# Democracy Egyptian style



## MaidenScotland (Jun 6, 2009)

Eng. Ahmed Sabry. Ex-IBM and Ex-Microsoft employee has been arrested yesterday while standing outside military court in support of arrested civilian protesters being taken to military trial. He has now been sent to 15 days jail awaiting trial accused of "unlawful protesting".


----------



## Qsw (Feb 1, 2012)

MaidenScotland said:


> Eng. Ahmed Sabry. Ex-IBM and Ex-Microsoft employee has been arrested yesterday while standing outside military court in support of arrested civilian protesters being taken to military trial. He has now been sent to 15 days jail awaiting trial accused of "unlawful protesting".


Because people never get arrested for unlawful protesting in democratic countries... 

Not that I know anything about this guy's case, but I find it amusing that you label it as "Egyptian Democracy". Is there really a need for Egyptian bashing?

There's still a lot of work necessary to get a functional democracy in Egypt, I think everybody who understands the political scene here knows that. 

Also, where someone used to work shouldn't have any bearing on what sort of offences he is accused of or arrested for, I don't see why it's included in the report.


----------



## MaidenScotland (Jun 6, 2009)

Qsw said:


> Because people never get arrested for unlawful protesting in democratic countries...
> 
> Not that I know anything about this guy's case, but I find it amusing that you label it as "Egyptian Democracy". Is there really a need for Egyptian bashing?
> 
> ...




How can protesting be unlawful? that is what I am getting at.
He can come to court in 15 days??? yet other well publicised cases are taking months.

Peoples occupation is often mentioned in reports like this.


----------



## Qsw (Feb 1, 2012)

MaidenScotland said:


> How can protesting be unlawful? that is what I am getting at.
> He can come to court in 15 days??? yet other well publicised cases are taking months.
> 
> Peoples occupation is often mentioned in reports like this.


Protesting can be unlawful if it is done at the wrong place and/or wrong time. A small, peaceful protest in front of a military court could potentially lead to a fight breaking out, or a larger protest that could be seen as threatening, even if the intention is peaceful. I doubt he was just standing around not doing anything, even doing just that for a long time in front of a military institution would be suspicious. 

I remember back when the Republican convention was being held in the Twin Cities, many protesters were arrested and there were issues keeping the protest peaceful and organized. These types of arrests have happened in the UK as well, I think most democracies have rules about protesting.

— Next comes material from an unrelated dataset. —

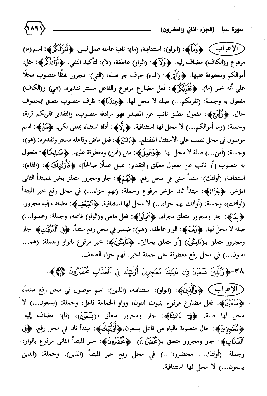 أموالكم ومعطوفة عليها. {بِالَّتِي}: (الباء حرف جر صلة، (التي): مجرور لفظا منصوب محلا على أنه خبر (ما). {تُقَرِّبُكُمْ}: فعل مضارع مرفوع والفاعل مستتر تقديره: (هي) و (الكاف) مفعول به وجملة: (تقربكم ... ) صله لا محل لها. {عِنْدَنا}: ظرف منصوب متعلق بمحذوف حال. {زُلْفى}: مفعول مطلق نائب عن المصدر فهو مرادفه منصوب، والتقدير تقربكم قربة، وجملة: (وما أموالكم ... ) لا محل لها استئنافية. {إِلاّ}: أداة استثناء بمعنى لكن. {مَنْ}: اسم موصول في محل نصب على الاستثناء المنقطع. {آمَنَ}: فعل ماض وفاعله مستتر وتقديره: (هو)، وجملة: (آمن ... ) صلة لا محل لها. {وَعَمِلَ}: مثل (آمن) ومعطوفة عليها. {صالِحاً}: مفعول به منصوب [أو نائب عن مفعول مطلق والتقدير: عمل عملا صالحا]، {فَأُولئِكَ}: (الفاء):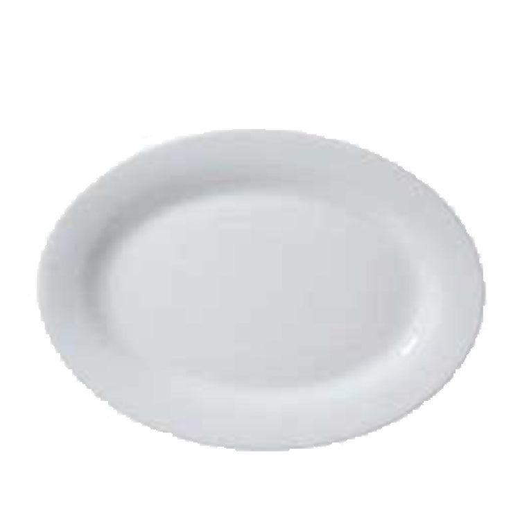 The Vertex China ARG-28 Platter 15-1/2" Oval is a distinctive serving piece crafted for versatility and elegance, fitting seamlessly into various food service environments. Measuring 15-1/2 inches, this oval platter is a part of the Universal Market Buffet Collection, known for its functionality and aesthetic appeal. The platter is designed with a rolled edge, highlighting its sophisticated form while providing durability and resistance to chipping, making it ideal for frequent use in high-traffic environments. Rendered in a bright white hue, the platter enhances food presentation, allowing the vibrant colors of the culinary creations to stand out. Packed by 1 dozen, it is well-suited for large-scale dining operations, from bustling buffets to intimate catered events. The Vertex China ARG-28 Platter caters to diverse market segments, including restaurants, hotels, and catering businesses, providing a reliable and stylish solution for serving needs. This platter's robust design not only complements an array of dining settings but also ensures that it withstands the demands of daily use, thus delivering a compelling value proposition for establishments seeking both quality and style in their tableware selections.

I'm not sure why this case is being rushed, I'm guessing it's because the army wants to show it won't be tolerant of protests at its institutions, and maybe because they want to show they are working on speeding up cases. I hope all the trials are sped up and justice is delivered, with everything that entails. 

The vast majority of Egyptians will not tolerate people protesting in front of military institutions, especially after the events at the defence ministry. Most Egyptians want normal, peaceful elections, and after those occur we can hopefully start to rectify some of the problems that came up during the transitional period. Although now the parliament seems to be a mess in general, so it will be a while before things are really sorted out.

I fully support protests that have legitimate issues, but protests should always be held away from military institutions.


----------



## hhaddad (Apr 14, 2010)

I think that calling it Democracy Egyptian style is wrong as* I was at *the *anti* *Vietnam* *war* march on the US embassy in Grosvenor Square, *London*, March 1968. When the old Bill came to break it up using their truncheons which they beat me with and I responded with a bit of 4 by 2 which was at hand got me 6 weeks. The fact is that police aggression is not new and not confined to this country. In the sixties and seventies the police in Berkshire used to patrole in a van pull us in the back of it beat us up and throw us back on the street.


----------



## MaidenScotland (Jun 6, 2009)

hhaddad said:


> I think that calling it Democracy Egyptian style is wrong as* I was at *the *anti* *Vietnam* *war* march on the US embassy in Grosvenor Square, *London*, March 1968. When the old Bill came to break it up using their truncheons which they beat me with and I responded with a bit of 4 by 2 which was at hand got me 6 weeks. The fact is that police aggression is not new and not confined to this country. In the sixties and seventies the police in Berkshire used to patrole in a van pull us in the back of it beat us up and throw us back on the street.




And if I had read about that I would have said..... Democracy British style


----------



## aykalam (Apr 12, 2010)

Qsw said:


> I'm not sure why this case is being rushed, I'm guessing it's because the army wants to show it won't be tolerant of protests at its institutions, and maybe because they want to show they are working on speeding up cases. I hope all the trials are sped up and justice is delivered, with everything that entails.


Court adjourns police beating compensation case... to December

Court adjourns police beating compensation case to December | Egypt Independent

Not exactly speeding up cases, right?

As they say, justice delayed is justice denied


----------